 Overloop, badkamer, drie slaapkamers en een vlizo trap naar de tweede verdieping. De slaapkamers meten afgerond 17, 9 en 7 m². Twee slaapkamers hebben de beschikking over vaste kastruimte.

# # # # # # #

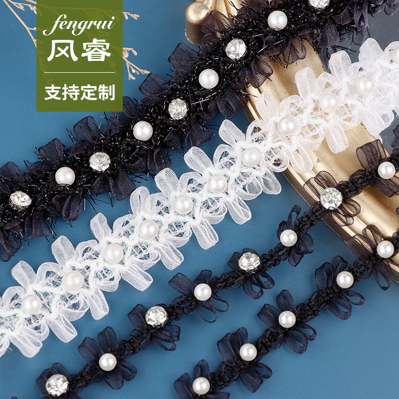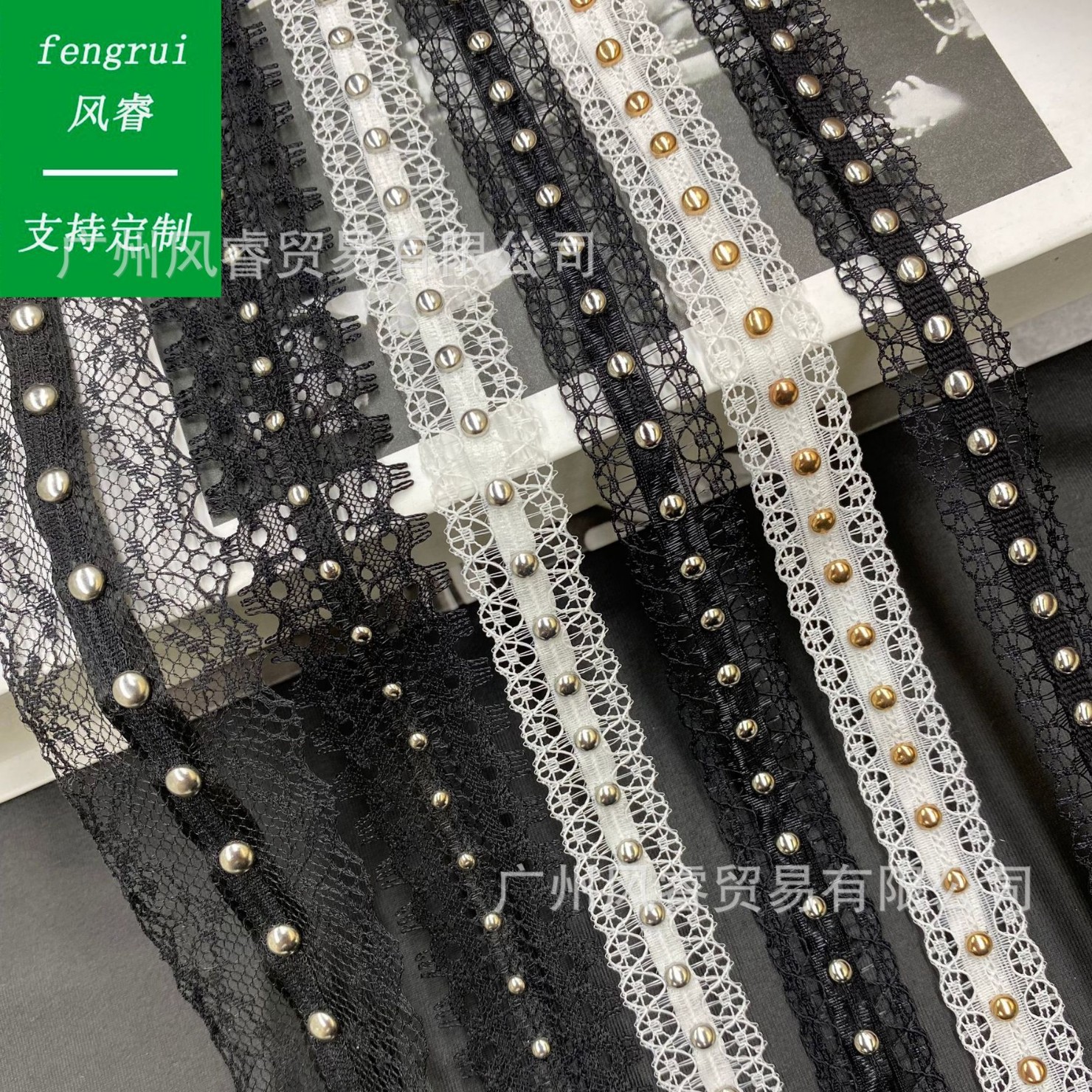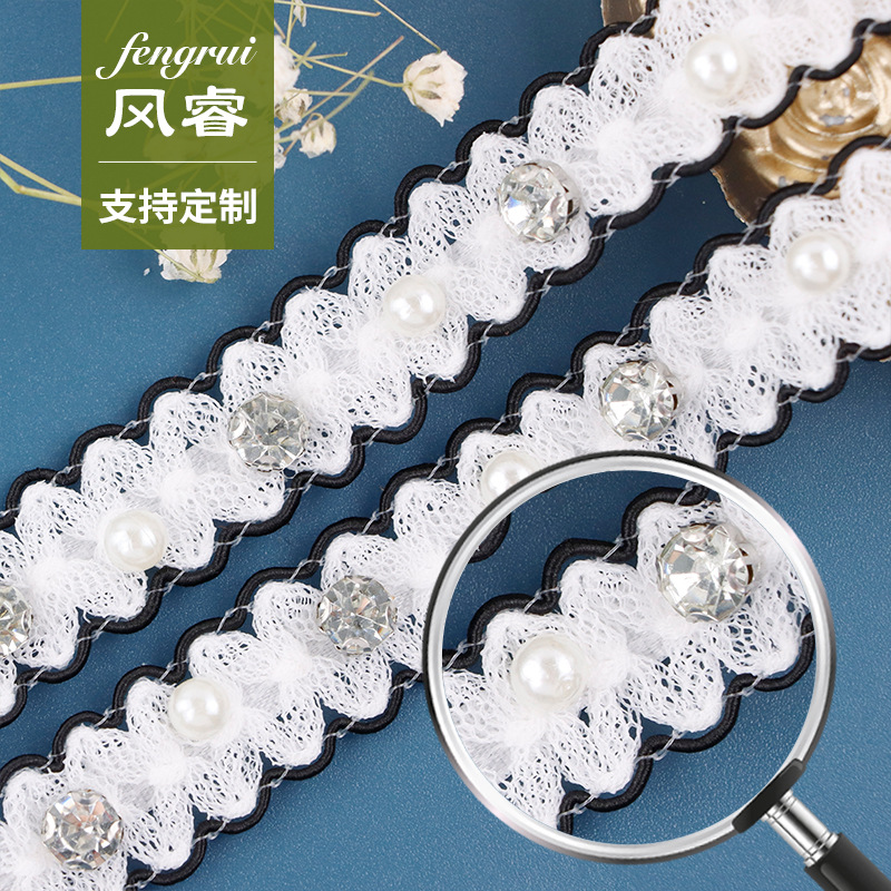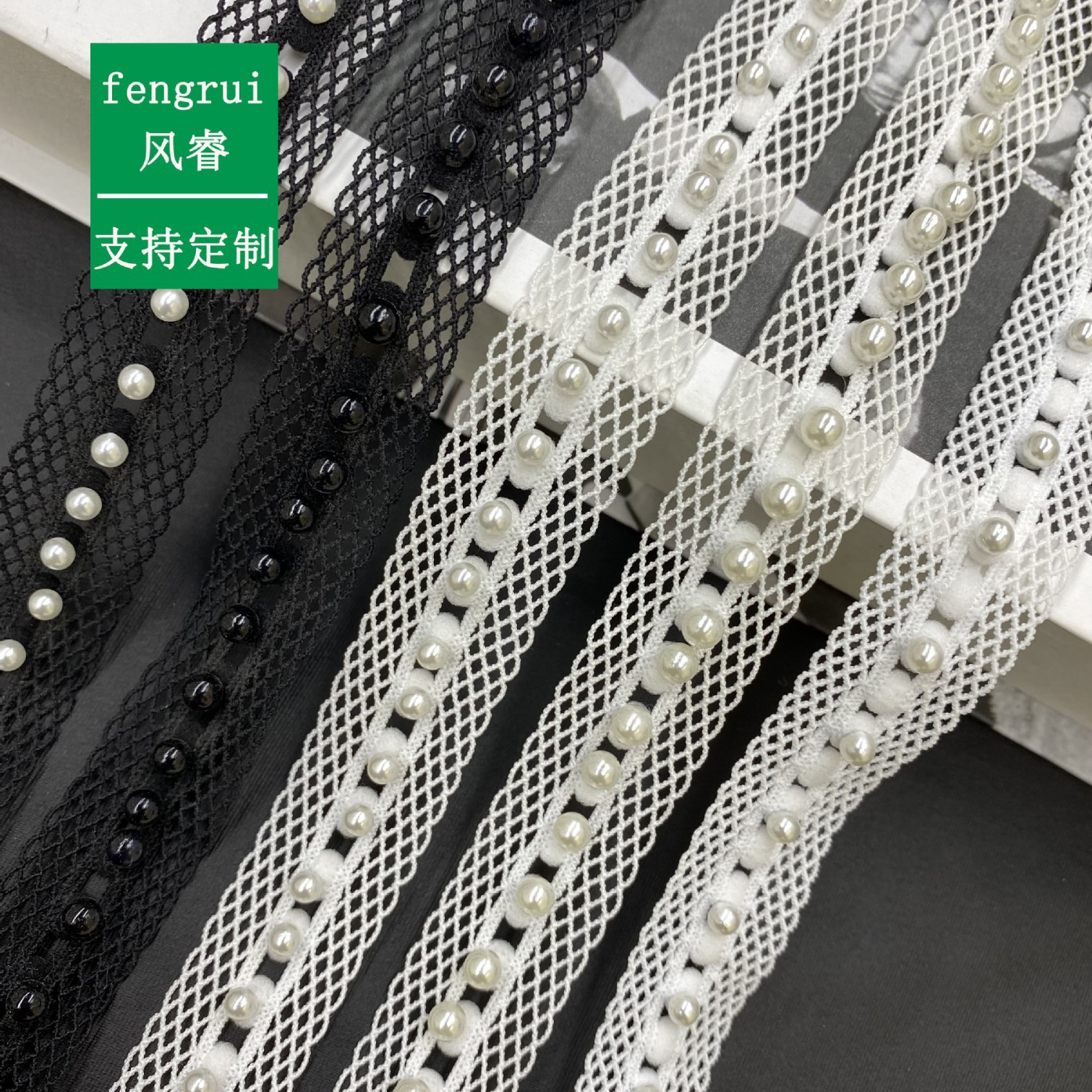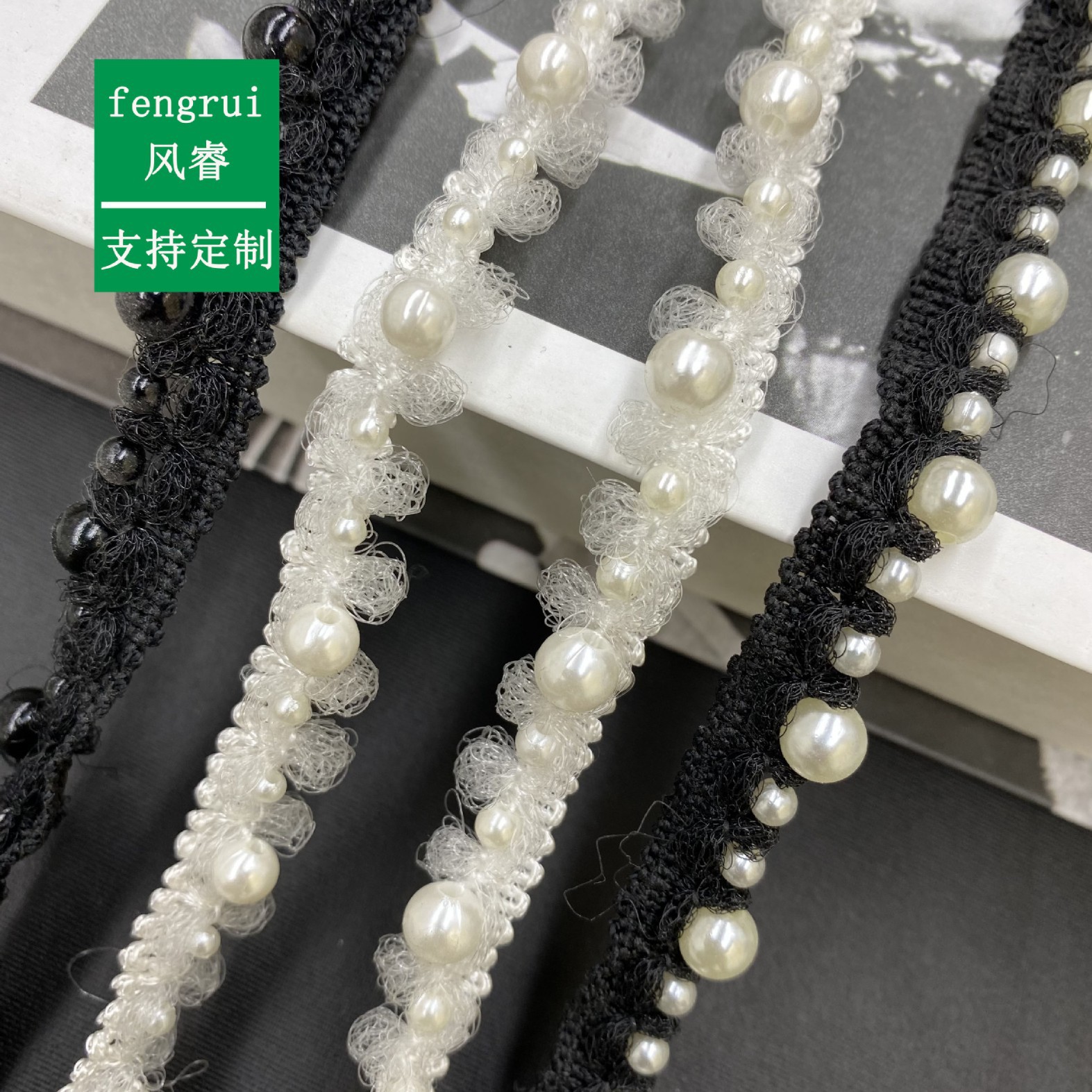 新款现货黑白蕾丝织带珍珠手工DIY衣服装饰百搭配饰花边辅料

# # # # # # #

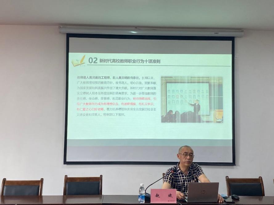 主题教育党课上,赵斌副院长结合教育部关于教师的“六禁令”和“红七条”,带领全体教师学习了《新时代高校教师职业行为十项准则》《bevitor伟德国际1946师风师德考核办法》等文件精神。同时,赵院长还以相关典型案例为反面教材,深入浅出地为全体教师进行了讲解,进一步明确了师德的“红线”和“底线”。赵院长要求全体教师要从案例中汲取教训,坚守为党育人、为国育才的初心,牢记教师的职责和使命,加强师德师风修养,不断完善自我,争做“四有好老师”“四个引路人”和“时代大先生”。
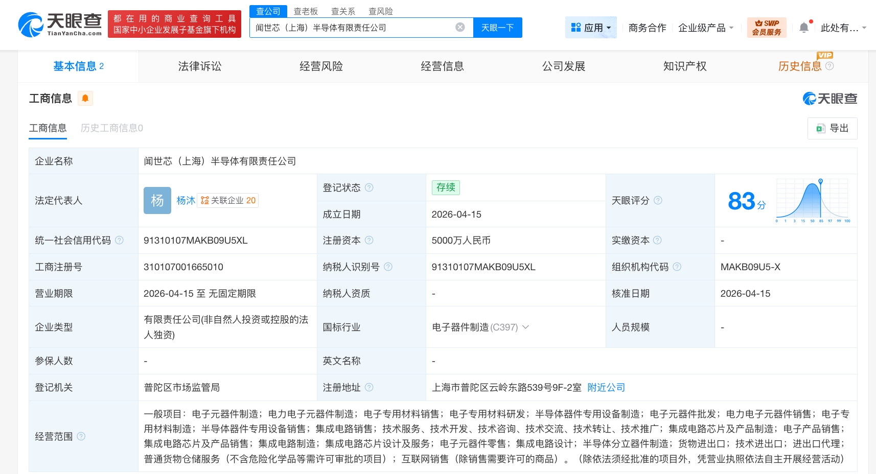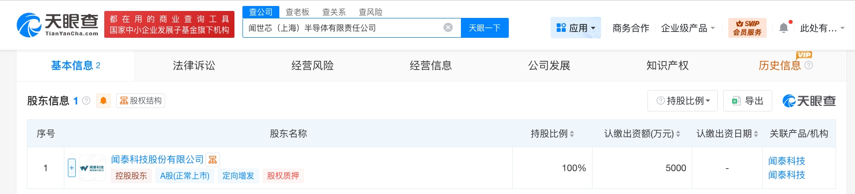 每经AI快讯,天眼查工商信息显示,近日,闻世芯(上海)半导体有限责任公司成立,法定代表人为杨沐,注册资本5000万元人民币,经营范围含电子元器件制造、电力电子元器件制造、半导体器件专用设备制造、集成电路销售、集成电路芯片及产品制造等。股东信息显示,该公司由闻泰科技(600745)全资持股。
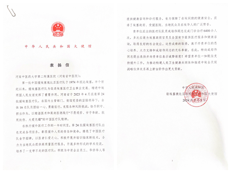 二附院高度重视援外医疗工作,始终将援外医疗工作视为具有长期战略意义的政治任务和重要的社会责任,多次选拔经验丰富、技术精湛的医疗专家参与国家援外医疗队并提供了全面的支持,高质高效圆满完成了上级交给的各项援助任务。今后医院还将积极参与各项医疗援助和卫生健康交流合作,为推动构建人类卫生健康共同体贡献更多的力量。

# # # # # # #

What to produce:
Above are the records; copy exactly the lines from the one with "主题教育党课上,赵斌副院长结" through the one with "二附院高度重视援外医疗工作,始终将援外医", including both, and nothing more. Leave out pictures.

Response area:
 主题教育党课上,赵斌副院长结合教育部关于教师的“六禁令”和“红七条”,带领全体教师学习了《新时代高校教师职业行为十项准则》《bevitor伟德国际1946师风师德考核办法》等文件精神。同时,赵院长还以相关典型案例为反面教材,深入浅出地为全体教师进行了讲解,进一步明确了师德的“红线”和“底线”。赵院长要求全体教师要从案例中汲取教训,坚守为党育人、为国育才的初心,牢记教师的职责和使命,加强师德师风修养,不断完善自我,争做“四有好老师”“四个引路人”和“时代大先生”。
 每经AI快讯,天眼查工商信息显示,近日,闻世芯(上海)半导体有限责任公司成立,法定代表人为杨沐,注册资本5000万元人民币,经营范围含电子元器件制造、电力电子元器件制造、半导体器件专用设备制造、集成电路销售、集成电路芯片及产品制造等。股东信息显示,该公司由闻泰科技(600745)全资持股。
 二附院高度重视援外医疗工作,始终将援外医疗工作视为具有长期战略意义的政治任务和重要的社会责任,多次选拔经验丰富、技术精湛的医疗专家参与国家援外医疗队并提供了全面的支持,高质高效圆满完成了上级交给的各项援助任务。今后医院还将积极参与各项医疗援助和卫生健康交流合作,为推动构建人类卫生健康共同体贡献更多的力量。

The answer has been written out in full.